Transcribe exactly the line with "14K Solid Gold" and each line that follows it in the listing, down to the last, omitting all pictures.
:: WORKING DATA ::
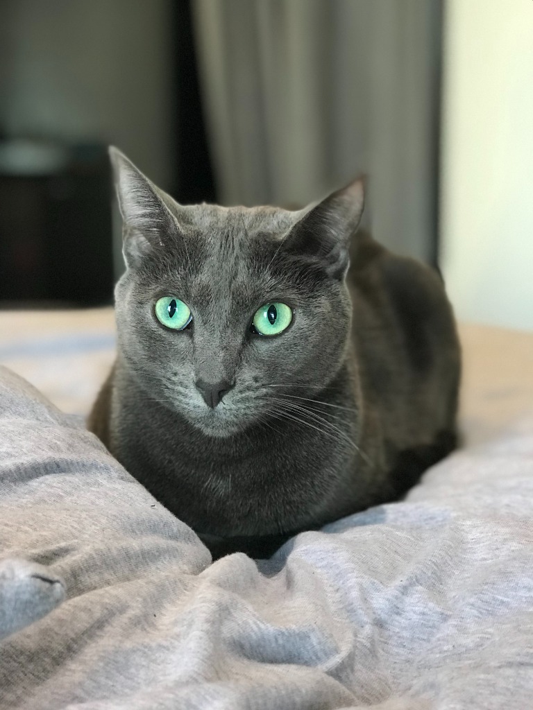 I'm Frankie, the charismatic feline with a flair for independence and intelligence! With a sleek coat of dark grey fur and deep green eyes that sparkle with curiosity, I'm ready to charm my way into your heart. Here’s a glimpse into my purrsonality:
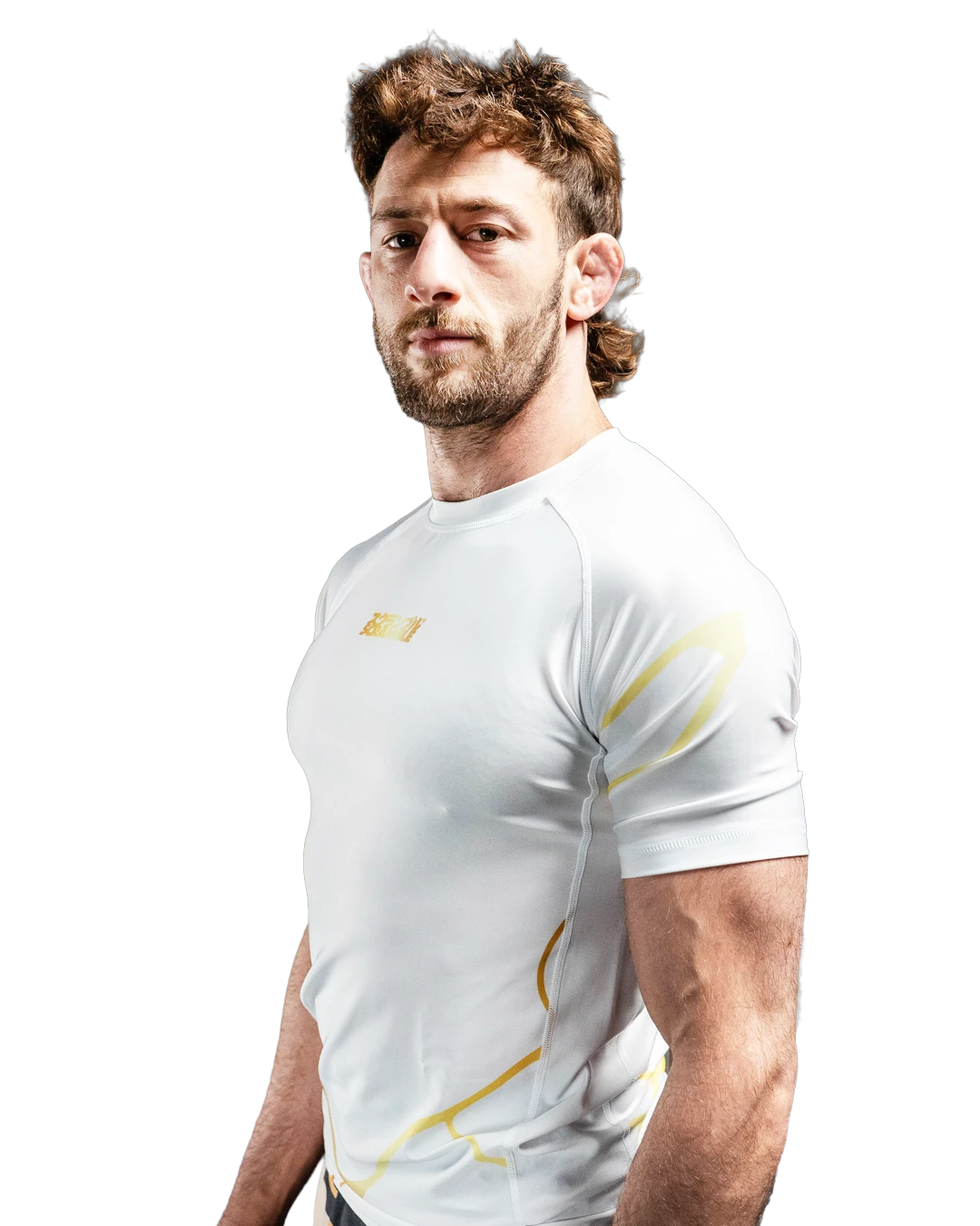 Kintsugi Rashguard in white and gold. During our social media campaign about this product, a lot of our fans really resonated with this concept and we are very excited for you all to be wearing it.
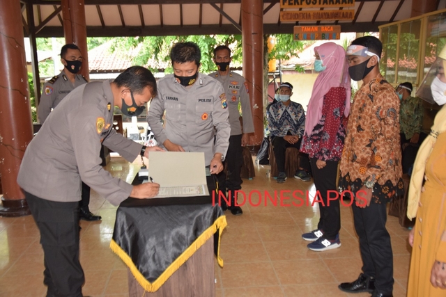 Peserta calon bintara Polri menandatanganan fakta integritas dan pengambilan sumpah rekrutmen Polri proaktif tahun 2021, di gedung Joglo Joko Tarup Polres Pamekasan. Yang dilakukan secara virtual.Kamis ( 10/12/2020) pagi.
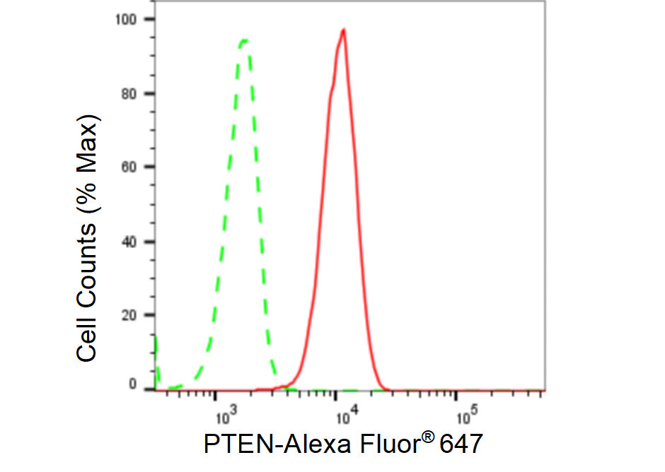 Flow cytometric analysis of PTEN expression in C2C12 cells using PTEN antibody. Green, isotype control; red, PTEN.
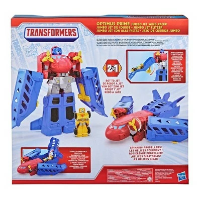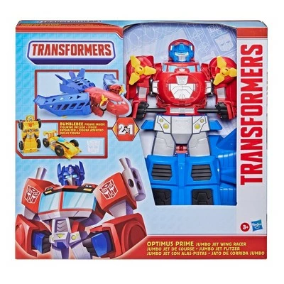 β’Includes: Optimus Prime Jumbo Jet Wing Racer playset, Bumblebee figure, and instructions.
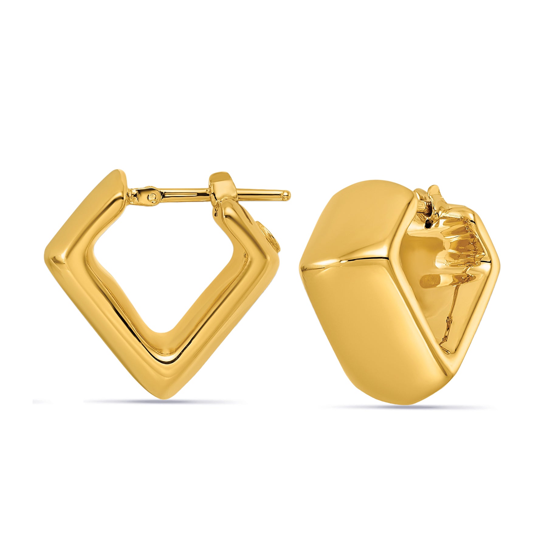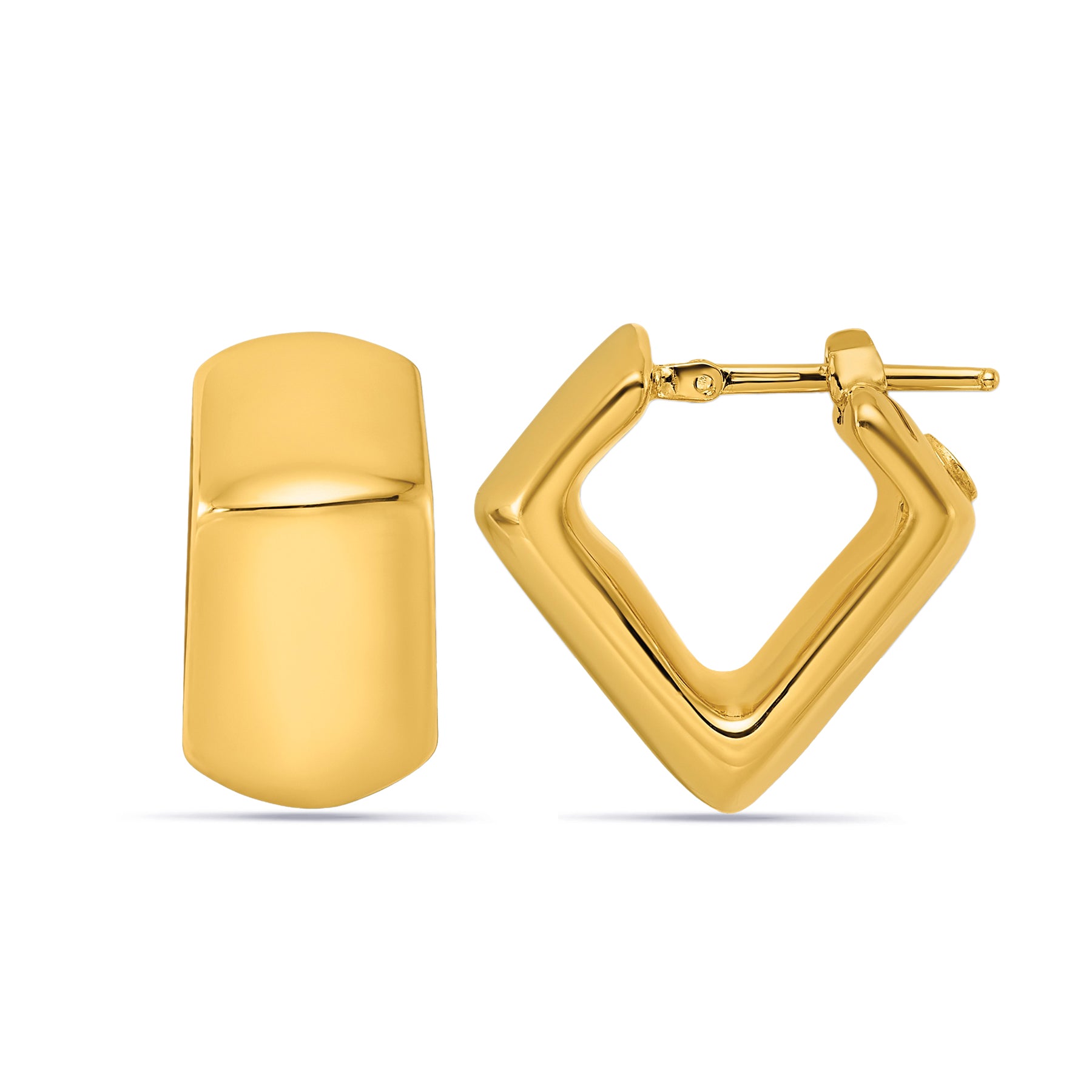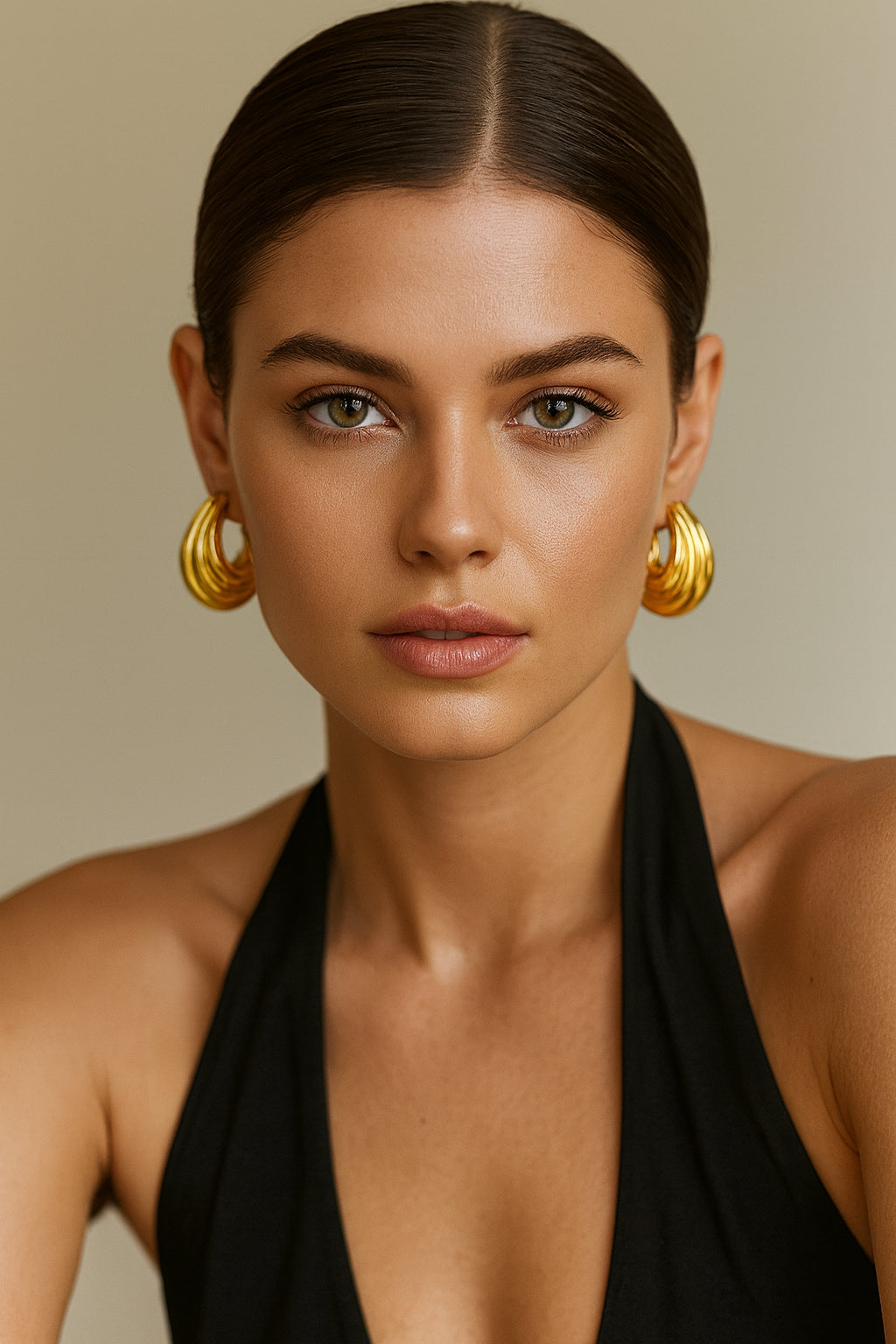 14K Solid Gold Twisted Grooved Modern Hoop Earrings
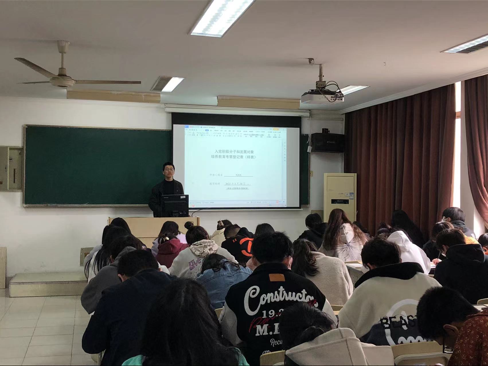 为贯彻落实新时代党的建设总要求和新时代党的组织路线,加强对入党积极分子的培养教育,提升入党积极分子思想政治素质,切实保证学生党员发展质量。4月1日中午,戏剧影视学院学生党支部在4318教室举行第一期入党积极分子培训班,68名入党积极分子参加。
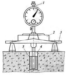Рисунок 7.1 – Прибор для измерения износа материала покрытия 1-Индикатор часового типа, 2-фиксирующий зажим, 3-опорная площадка, 4-место для заглушки, 5-стаканчик-репер.
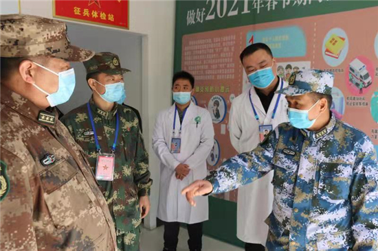 湯維政走進(jìn)內(nèi)科、外科、五官科、心電圖、心理測試等檢查科室,實(shí)地查看體檢站基礎(chǔ)設(shè)施、體檢流程、人員配備、疫情防控、后勤保障等情況。他看到體檢場所按照流程合理、尊重隱私、閉環(huán)管理的要求,結(jié)合疫情防控的需求優(yōu)化診室設(shè)置,醫(yī)務(wù)人員嚴(yán)格把控體檢項(xiàng)目的各個(gè)關(guān)口,給予了肯定和贊揚(yáng)。湯維政與現(xiàn)場候檢的應(yīng)征青年親切交談,了解他們的年齡、學(xué)歷、家庭等情況,對(duì)適齡青年、大學(xué)畢業(yè)生踴躍參軍、報(bào)效祖國的行為表示贊賞,勉勵(lì)他們積極接受祖國挑選,投身軍營建功立業(yè)。
:::
# SOLUTION TO THIS TASK
 14K Solid Gold Twisted Grooved Modern Hoop Earrings
 为贯彻落实新时代党的建设总要求和新时代党的组织路线,加强对入党积极分子的培养教育,提升入党积极分子思想政治素质,切实保证学生党员发展质量。4月1日中午,戏剧影视学院学生党支部在4318教室举行第一期入党积极分子培训班,68名入党积极分子参加。
Рисунок 7.1 – Прибор для измерения износа материала покрытия 1-Индикатор часового типа, 2-фиксирующий зажим, 3-опорная площадка, 4-место для заглушки, 5-стаканчик-репер.
 湯維政走進(jìn)內(nèi)科、外科、五官科、心電圖、心理測試等檢查科室,實(shí)地查看體檢站基礎(chǔ)設(shè)施、體檢流程、人員配備、疫情防控、后勤保障等情況。他看到體檢場所按照流程合理、尊重隱私、閉環(huán)管理的要求,結(jié)合疫情防控的需求優(yōu)化診室設(shè)置,醫(yī)務(wù)人員嚴(yán)格把控體檢項(xiàng)目的各個(gè)關(guān)口,給予了肯定和贊揚(yáng)。湯維政與現(xiàn)場候檢的應(yīng)征青年親切交談,了解他們的年齡、學(xué)歷、家庭等情況,對(duì)適齡青年、大學(xué)畢業(yè)生踴躍參軍、報(bào)效祖國的行為表示贊賞,勉勵(lì)他們積極接受祖國挑選,投身軍營建功立業(yè)。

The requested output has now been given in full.